Recently I ordered a 12-qt All Clad Multi Cooker and expect to be pretty happy with it. Now I'm looking for my next purchase, and I want another large (10 - 12 quart) stock pot. Yes, there are many out there, and I've spent the last couple of hours searching the web, but have not been able to find what I want. Here are the requirements:
_Heavy,thick_ single gauge construction
A tall and narrow profile, not short and squat
18/10 Stainless Interior preferred
Strong riveted handles
Exterior can be aluminum or copper, stainless covered or not
Must have a lid
"Pasta Insert" would be nice, but not neccesary
The purpose of the pot would be to make long, slow simmered stocks, broth, and soup. It would supplement the multi-pot.
Any suggestions?

Shel


----------



## lana (Oct 8, 2007)

I would recommend Belgique. I have had mine for 12 years and it is perfect. Thick bottom, stainless, riveted handles, lid. 

It doesn't have a steamer basket, but you may be able to purchase one as add-on.

But, maybe this pot is not tall enough. I wouldn't classify it as short and squat though. My idea of a tall and narrow pot is an asperagus pot!


----------



## tommysmoke (Oct 10, 2007)

How important is it to have thick (3-5mm) walls on the stock pot? I too am looking into a new stockpot and the stainless pots don't seem to have the thick walls, just the base. 

A freind has an aluminum 20qt pot with really thick walls. Is this better than a stainless pot with thin walls?


----------



## shel (Dec 20, 2006)

Thanks for the suggestion, Lana. I looked for information about the Belgique line and didn't find too much.

Shel


----------



## shel (Dec 20, 2006)

Some knowledgeable people don't think it's very important, others, who are chefs and cooks, feel it's better to have thick single gauge construction. After using some pots with just a heavy disk bottom, my preference is for single gauge construction in a stock pot.

Shel


----------



## lana (Oct 8, 2007)

Tony--
I wouldn't go with the aluminum for the simple fact of the risk for Alzeheimers. Not trying to sound like a nut, but seriously, the aluminum will leach into what you cook. 

Not to mention, you cannot use an aluminum to store things in...if you cook soup in it you will have to transfer it every time. In a stainless pot, you can store your soup overnight for easy reheat.


----------



## shel (Dec 20, 2006)

The Real Facts About Alzheimers and Aluminum - from EHSO

shel


----------



## mannlicher (Jan 8, 2006)

I know you stated that you wanted a SS interior, but I have been very pleased for years with my 8 and 16 quart Calphelon commercial stock pots.


----------



## shel (Dec 20, 2006)

I've had numerous anodized Calphalon pots from the early days (Commercial Aluminun Cookware, Toledo, Ohio).

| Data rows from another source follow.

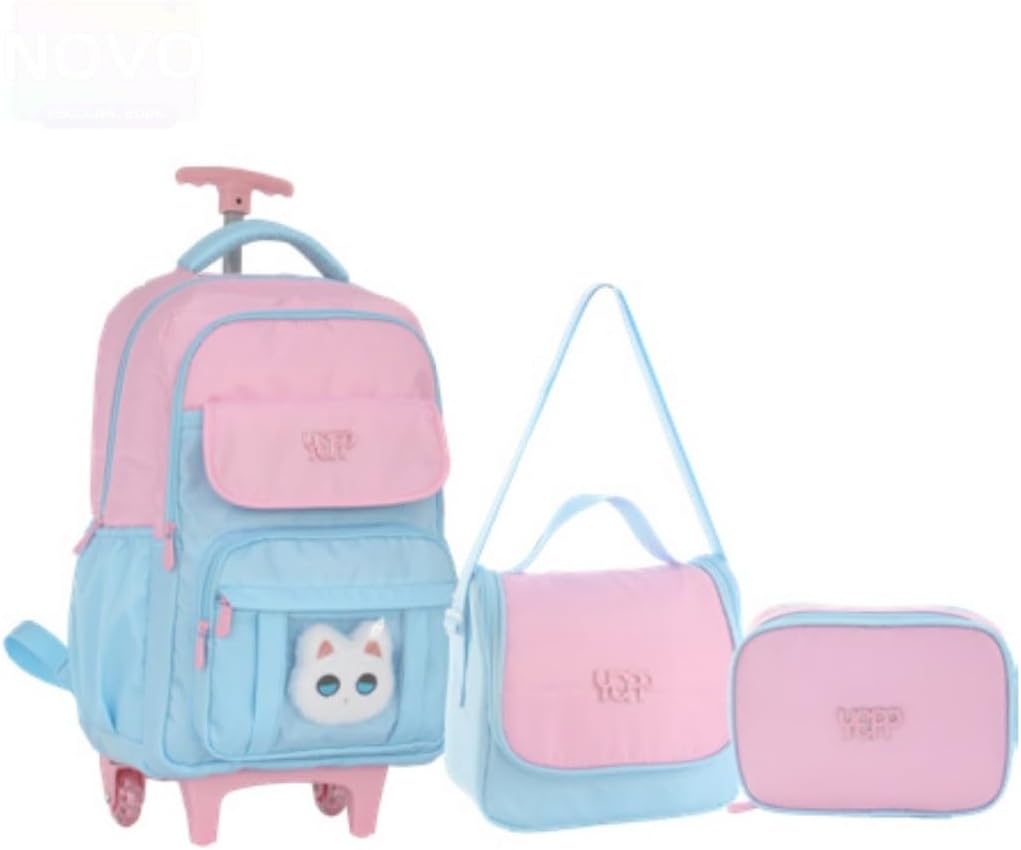 Kit Escolar 3 em 1 Mochila Gatinho fofo com Rodinhas Bolsa Tiracolo Estojo Feminina Volta às Aulas
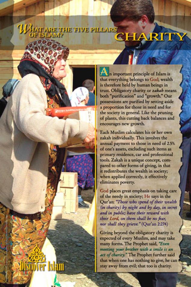 An important principle of Islam is that everything belongs to God; wealth is therefore held by human beings in trust. Obligatory charity or zakah means both "purifications" and "growth." Our possessions are purified by setting aside a proportion for those in need and for society in general. Like the pruning of plants, this cutting back balances and encourages new growth. Each Muslim calculates his or own zakah individually. This involves the annual payments to those in need of 2.5% of one's assets, excluding such items as primary residence, car and professional tools. Zakah is a unique concept, compare to other forms of giving, in that it redistributes the wealth of society; when applied correctly, it effectively eliminates poverty. God places great emphasis on taking care of the needy in society; He says in the Qur'an: "Those who spend of their wealth (in charity) by night and by day, and in secret and in public have their reward with their Lord, on them there shall be no fear, nor shall they grieve." (Qur'an 2:274) Giving beyond the obligatory charity is expected upon every Muslim and may take many forms. The Prophet said, "Even meeting your brother with a smile is an act of charity." The Prophet further said that when one has nothing to give, he can stay away from evil; that too is charity.
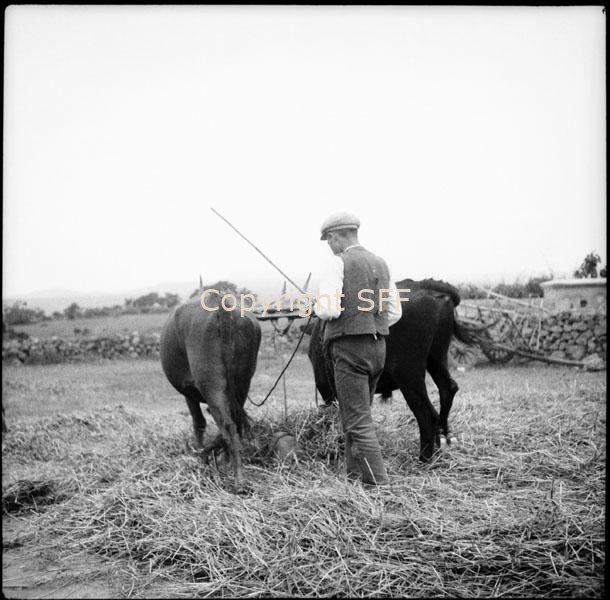 Trebbiatura delle fave mediante l'utilizzo di buoi e della pietra da trebbio
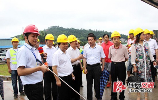 2016年6月29日,湖南省交通运输厅邀请10余名国省人大代表、政协委员一行赴益阳视察指导交通运输工作。图为视察组一行在益娄高速公路2标施工现场了解项目建设管理情况。摄影通讯员李爱民
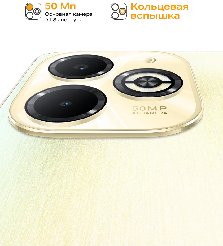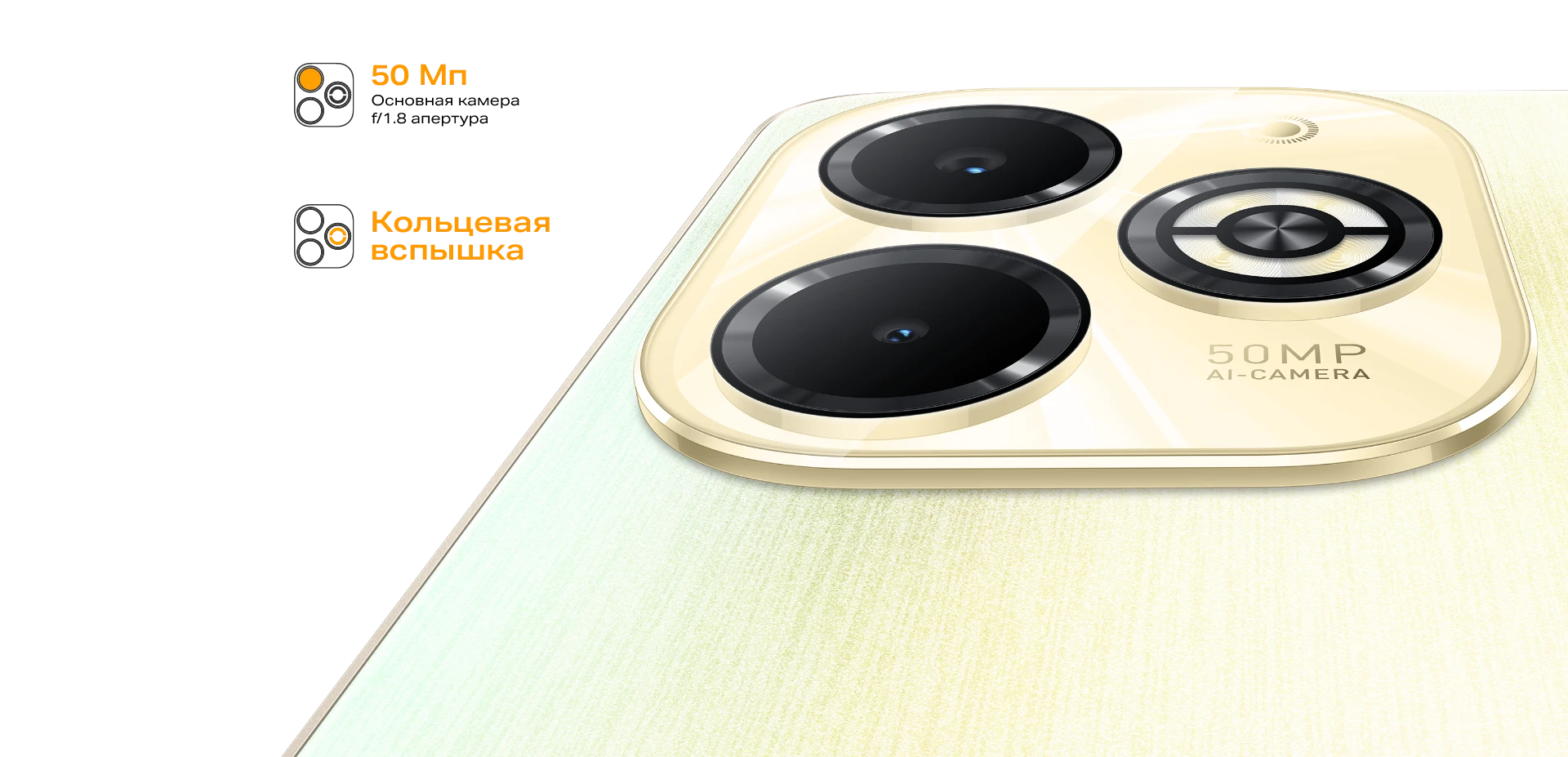 1. 50 МП двойная камера с ИИ и кольцевой вспышкой
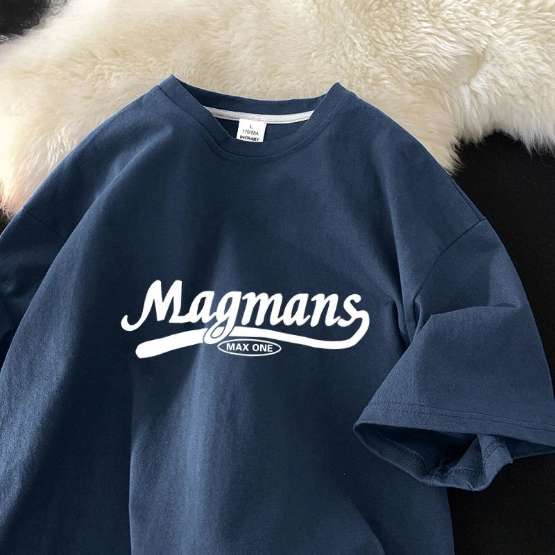 Threebooy New Summer Cotton Short-sleeved Shirt Men Women Loose Versatile Fashion English Printing Trend Round Neck Half-sleeved Aesthetic
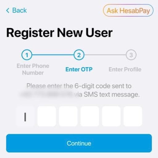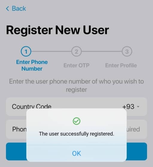 Mamlakat kodini tanlang, foydalanuvchining telefon raqamini kiriting va ga teging Davom eting tugmasi.
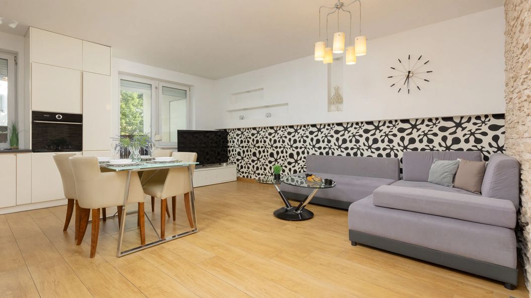 Warszawski apartament o powierzchni 68 m² gwarantuje zakwaterowanie dla 6 osób. Miejsce to jest idealną propozycją dla gości, którzy pragną rozsmakować się w niepowtarzalnej atmosferze Stolicy z rodziną i przyjaciółmi. Powierzchnia apartamentu składa się z salonu z wygodną sofą z narożnikową, doskonale wyposażonego aneksu kuchennego, dwóch sypialni, łazienki z wanną i funkcją prysznica oraz dodatkowej toalety. Spójna paleta barw w modnych odcieniach oraz nowoczesne umeblowanie nadają całości ciekawego klimatu. Ten przestronny i elegancki azyl zagwarantuje gościom pełną satysfakcję oraz udany pobyt wypoczynkowy. Na komfort Gości niewątpliwie wpłyną również udogodnienia multimedialne takiej jak bezpłatne łącze WiFi, telewizor z kanałami kablowymi oraz niezbędne sprzęty kuchenne (zmywarka, piekarnik) i łazienkowe (pralka). W apartamencie znajduje się biurko umożliwiające pracę zdalną, dzięki czemu goście mogą zadbać o wypełnienie służbowych obowiązków. Do mieszkania przynależą również dwa balkony, które są świetnymi miejscami do popołudniowego relaksu z widokiem na okolicę. Na dobry początek zakwaterowania zapewniono gościom bezpłatny zestaw kosmetyków, ręczniki oraz pościel. Apartament ma zapewnione prywatne miejsce parkingowe w garażu podziemnym.
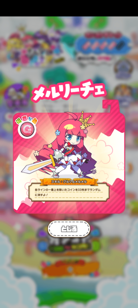另一個需要鑽研的部分則是關於角色技能的使用,因為角色間技能的差異性頗大,所以在玩不同角色的時候,就需要用完全不同的思維跟戰術來擺放硬幣。像「三日月」的技能可以一口氣消除中排的硬幣,因此玩三日月的時候就可以盡量把廢幣丟在中間;而「メルリーチェ」可以隨機消除盤面上最多33個硬幣,就很適合用來緊急解場。

They were generally quite satisfactory. I don't feel that the quality of the newer anodized cookware is up to that of the earlier cookware. If I could get a new, or close to new, older pot, I would. I've not seen any that were in good enough shape to warrant spending $$ on them. Some have become collectibles. Last year I sold my gently used 16-qt pot for more than 4x what I paid for it.

Maybe I''ll check what's available on eBay.

Shel


----------



## mannlicher (Jan 8, 2006)

Try Amazon.com. they still have some older Commercial Calphelon pieces, and rock bottom prices.


----------